• _SUPPLIED DATA_:
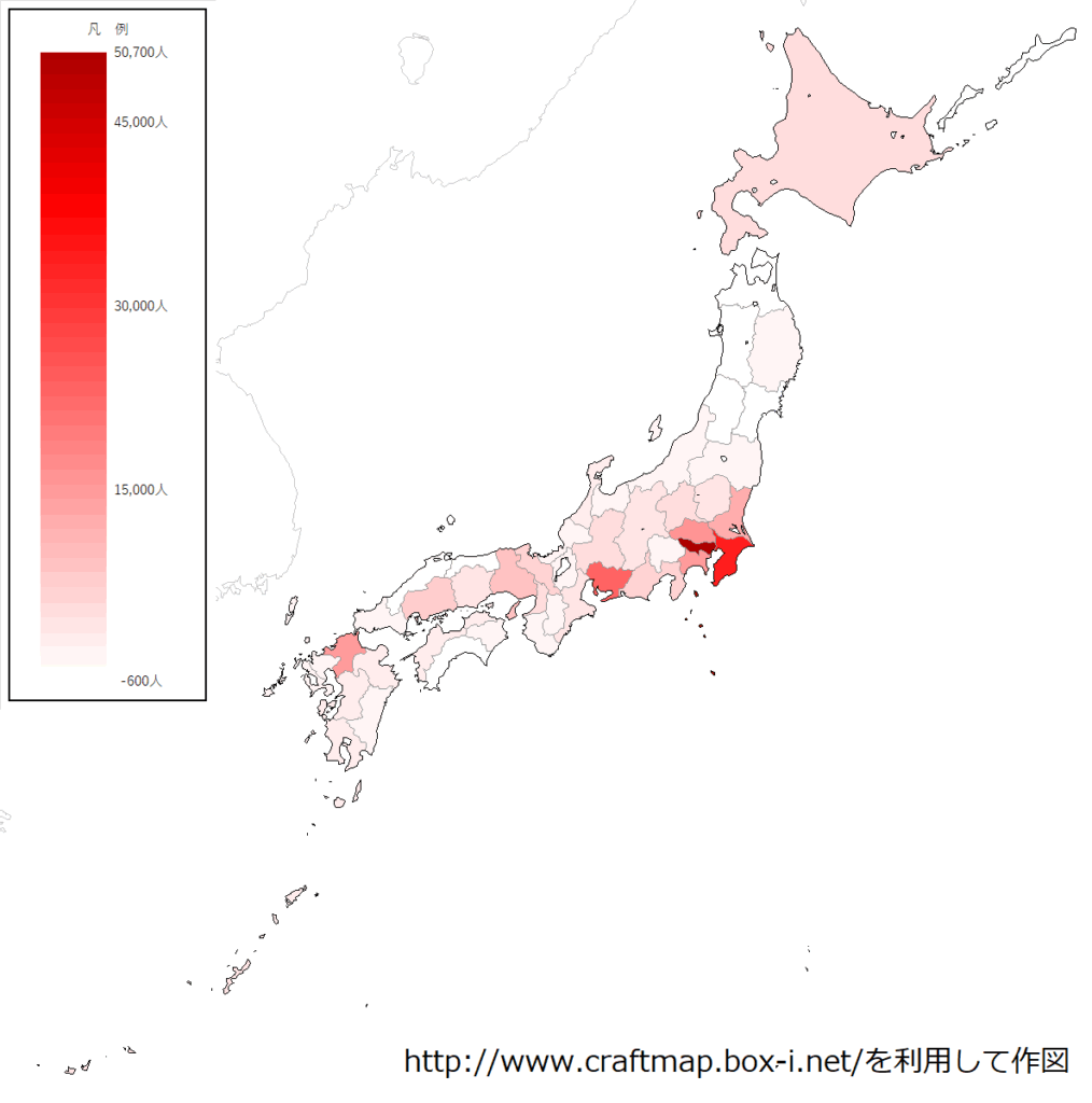 こちらもやはり東京都(5万0609人)が多いですが、2位の千葉県(3万3524人)との差は1万7000人程度であり、社会増減数ほど2位との差が開いてはいません。
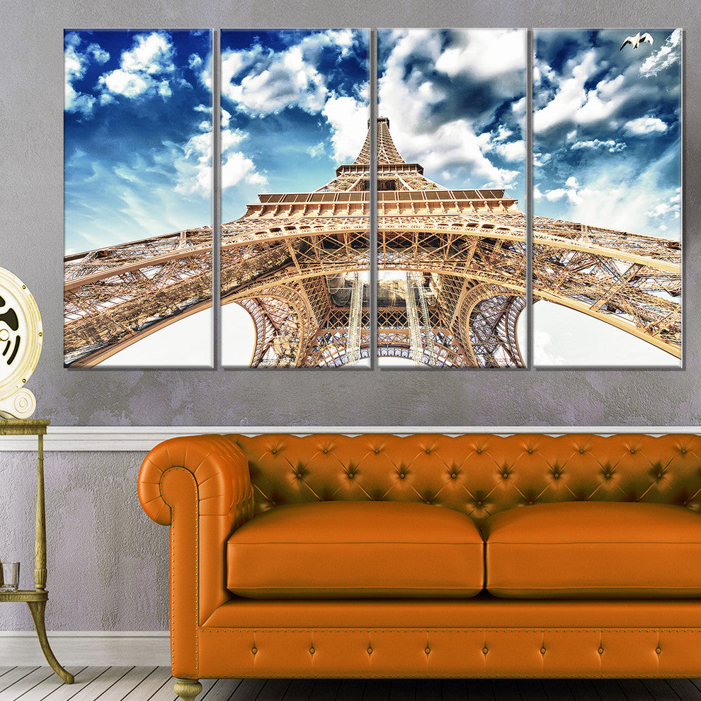 The Beautiful view of Paris Eiffel Tower under Clouds canvas art print is sure to make an impression on anyone who sees it. This artwork is gallery wrapped around a 1-inch solid wood frame and arrives carefully packaged and entirely ready to hang on the wall. Design Art only uses the highest resolution and pigments to ensure a crisp colorful print that is never faded or pixelated. This artwork is sure to be a conversation starter in any home or office.
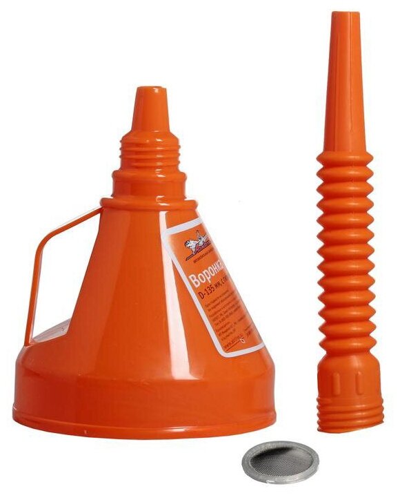 Воронка поможет аккуратно произвести процесс переливания жидкостей. Данная воронка имеет диаметр 135 мм. Благодаря гибкому носику воронки изделие можно расположить в любом удобном положении и под необходимым углом. Воронка укомплектована специально мелкоячеистой сеткой для фильтрации мусора при переливании.
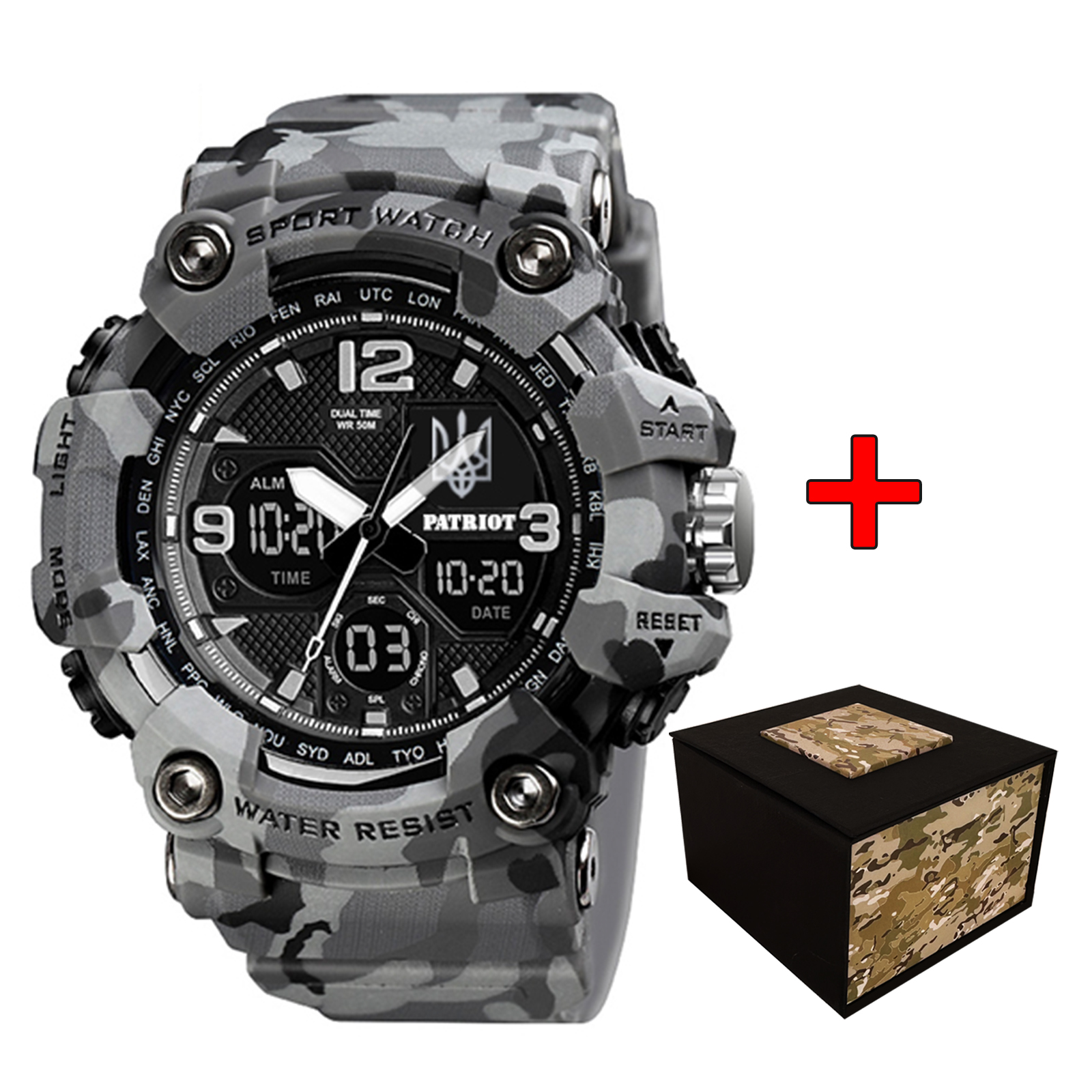 Patriot, механізм Кварцовий, корпус 55 х 55, матеріали Полімер / Каучук, колір Камуфляж, форма Кругла, стиль Спортивний, Армійський, індикація Стрілочно-електронний, тип кріплення Ремінець, водозахист 50 м, скло Полімерне

• _TASK REQUIREMENTS_:
Copy every line above word for word and exclude the pictures.

• _EXERCISE SOLUTION_:
 こちらもやはり東京都(5万0609人)が多いですが、2位の千葉県(3万3524人)との差は1万7000人程度であり、社会増減数ほど2位との差が開いてはいません。
 The Beautiful view of Paris Eiffel Tower under Clouds canvas art print is sure to make an impression on anyone who sees it. This artwork is gallery wrapped around a 1-inch solid wood frame and arrives carefully packaged and entirely ready to hang on the wall. Design Art only uses the highest resolution and pigments to ensure a crisp colorful print that is never faded or pixelated. This artwork is sure to be a conversation starter in any home or office.
 Воронка поможет аккуратно произвести процесс переливания жидкостей. Данная воронка имеет диаметр 135 мм. Благодаря гибкому носику воронки изделие можно расположить в любом удобном положении и под необходимым углом. Воронка укомплектована специально мелкоячеистой сеткой для фильтрации мусора при переливании.
 Patriot, механізм Кварцовий, корпус 55 х 55, матеріали Полімер / Каучук, колір Камуфляж, форма Кругла, стиль Спортивний, Армійський, індикація Стрілочно-електронний, тип кріплення Ремінець, водозахист 50 м, скло Полімерне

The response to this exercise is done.